RISC-V is an open specification that can be implemented by proprietary and open source efforts alike. This means there's nothing stopping someone else doing a RISC-V SoC that, like most current commercial cores, has documentation "protected" by an NDA and inaccessible to most users.
As a fully open source effort, we of course want every aspect of the chip to be fully documented and auditable. It's useful to have something like a dedicated core to handle initial boot, but it's not useful to keep that core completely undocumented (e.g. the Intel Management Engine). Our answer there is what we term 'minion cores' (http://www.lowrisc.org/downloads/lowRISC-memo-2014-001.pdf), microcontroller-class cores to handle these sort of tasks. These are fully documented, open source, and implement the RISC-V ISA.
As for formal specifications, there has been some work on specifying the RISC-V ISA using L3 https://github.com/SRI-CSL/l3riscv. MIT have been working on a specifying using their 'Kami' tool as well.
Take a look at http://fossi-foundation.org/. Whatever terminology you're using, I think it's right to say lowRISC and FOSSi have a shared vision for free and open source designs that respect user freedom.

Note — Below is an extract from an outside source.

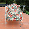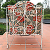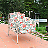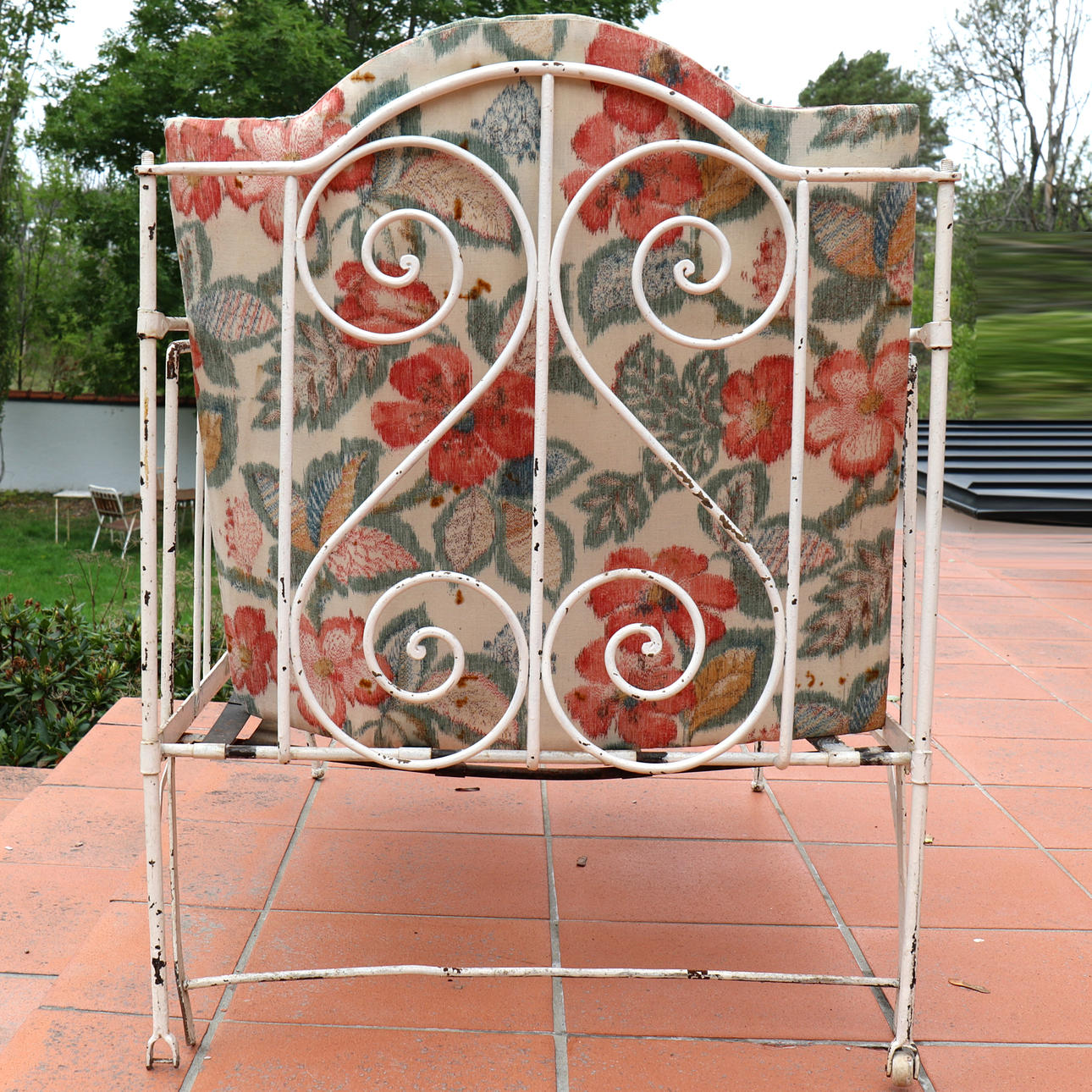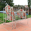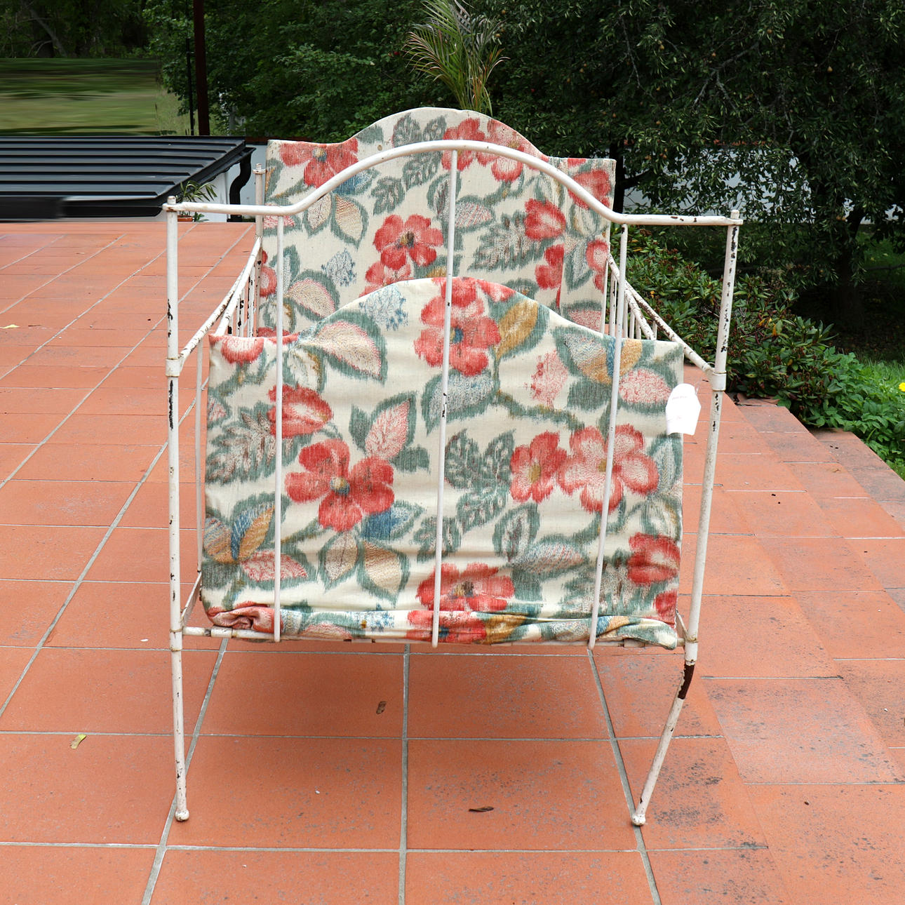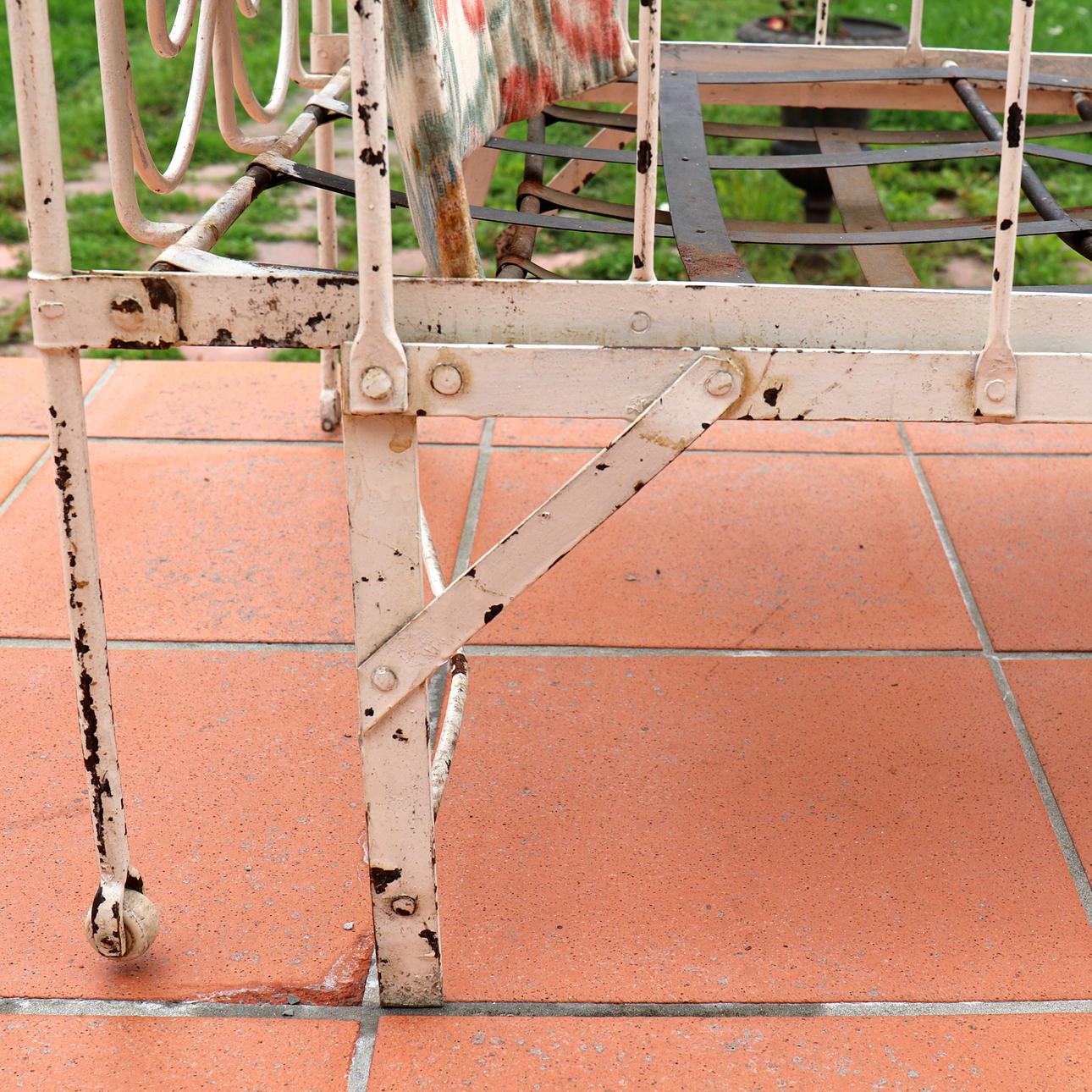 Schiefe Beine, wulstige Bettbasis und abblätternde weiße Farbe, etwas Rost.
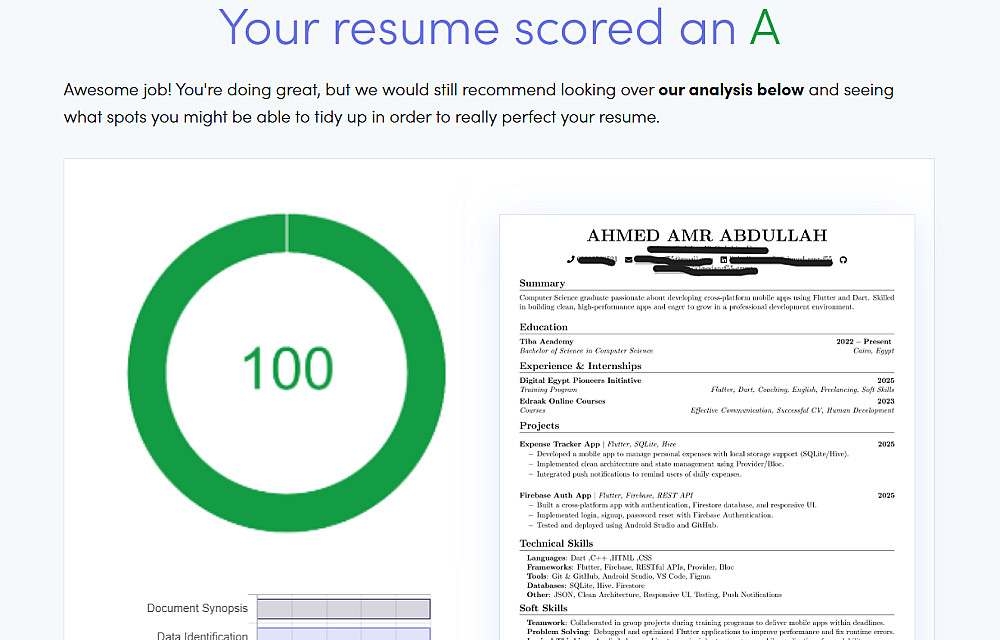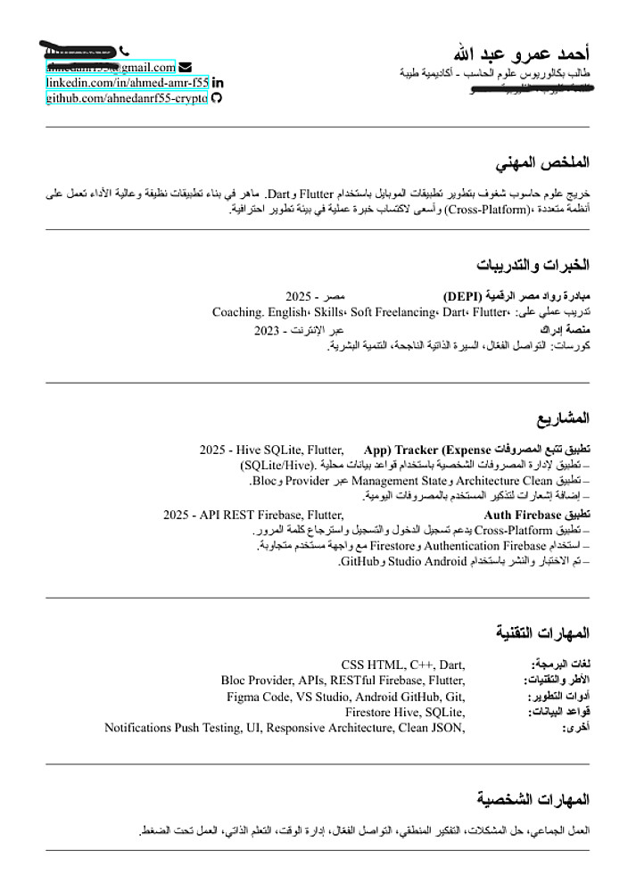الهدف: تحسين تنسيق المحتوى والكلمات المفتاحية لتتوافق مع متطلبات أنظمة ATS وتظهر سيرتك الذاتية بشكل احترافي أمام أصحاب العمل.

Open source as defined by the OSI describes something identical to free software as described by the FSF.
* "Free software" and "open source software" are two terms for the same thing: software released under licenses that guarantee a certain, specific set of freedoms.
Sure, I just meant that RISC-V being permissively licensed with in-depth documentation available will ease formally verifying implementations of it, and also encourage open-source implementations.
On the minion cores: that sounds quite interesting and I'm reading the paper now. Are they very different from e.g. the USB and network chips on the RPi, aside from having open firmware?
For the initial iteration of minion cores, think of them as being an openly documented boot core and a way of implementing low-speed I/O in software (with some extra hardware support for things that would be dumb to do in software, e.g. shifting out a register). The initial target is SPI, I2C, I2S etc. Over the longer term, we are interested in using modified RISC-V cores for high-speed I/O and in general increasing the flexibility of a typical SoC design.
As a fully open source effort, we of course want every aspect of the chip to be fully documented and auditable. It's useful to have something like a dedicated core to handle initial boot, but it's not useful to keep that core completely undocumented (e.g. the Intel Management Engine). Our answer there is what we term 'minion cores' (http://www.lowrisc.org/downloads/lowRISC-memo-2014-001.pdf), microcontroller-class cores to handle these sort of tasks. These are fully documented, open source, and implement the RISC-V ISA.
As for formal specifications, there has been some work on specifying the RISC-V ISA using L3 https://github.com/SRI-CSL/l3riscv. MIT have been working on a specifying using their 'Kami' tool as well.